0a20 74 65 72 20 41 30 0a 20 20 72 65 74 75 72 6e 20 |ter A0. return |
0a30 72 30 3b 0a 7d 20 0a 00 00 00 00 00 00 00 00 00 |r0;.} ..........|
Finally the File Header and Data for "stdlib.h
"...
---- File Header for `stdlib.h`
[ NextHdr ] [ Info ] [ Size ] [ Checksm ]

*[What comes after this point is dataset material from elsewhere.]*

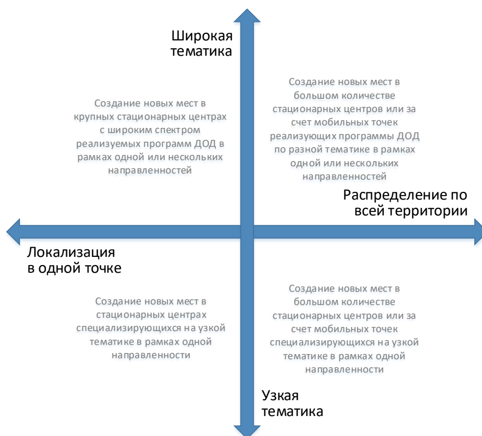
Рис. 3. Шкалы выбора масштаба и формы реализации новых мест по программам ДОД

При невыполнении хотя бы одного из них возникает необходимость пространственного распределения реализуемой модели через мобильные или сетевые решения. В регионе с большой площадью и/или плохой логистикой невозможно обеспечить очный доступ к услугам данной модели для всех желающих, за исключением программ с использованием дистанционных технологий. В регионе с низкой плотностью населения вложения в такой масштабный по материально-техническому оснащению проект принесут очень низкую отдачу.

0a40 00 00 00 02 00 00 00 00 00 00 05 2e 23 29 67 fc |............#)g.|
[ File Name: `stdlib.h` ]
0a50 73 74 64 6c 69 62 2e 68 00 00 00 00 00 00 00 00 |stdlib.h........|
(NextHdr & 0xF = 2 means Regular File)
---- File Data for `stdio.h`
0a60 2f 2f 20 43 61 75 74 69 6f 6e 3a 20 54 68 69 73 |// Caution: This|
....
0f80 72 65 74 75 72 6e 20 72 30 3b 0a 7d 20 0a 00 00 |return r0;.} ...|
0f90 00 00 00 00 00 00 00 00 00 00 00 00 00 00 00 00 |................|
Zero fuss, ROM FS is remarkably easy to read!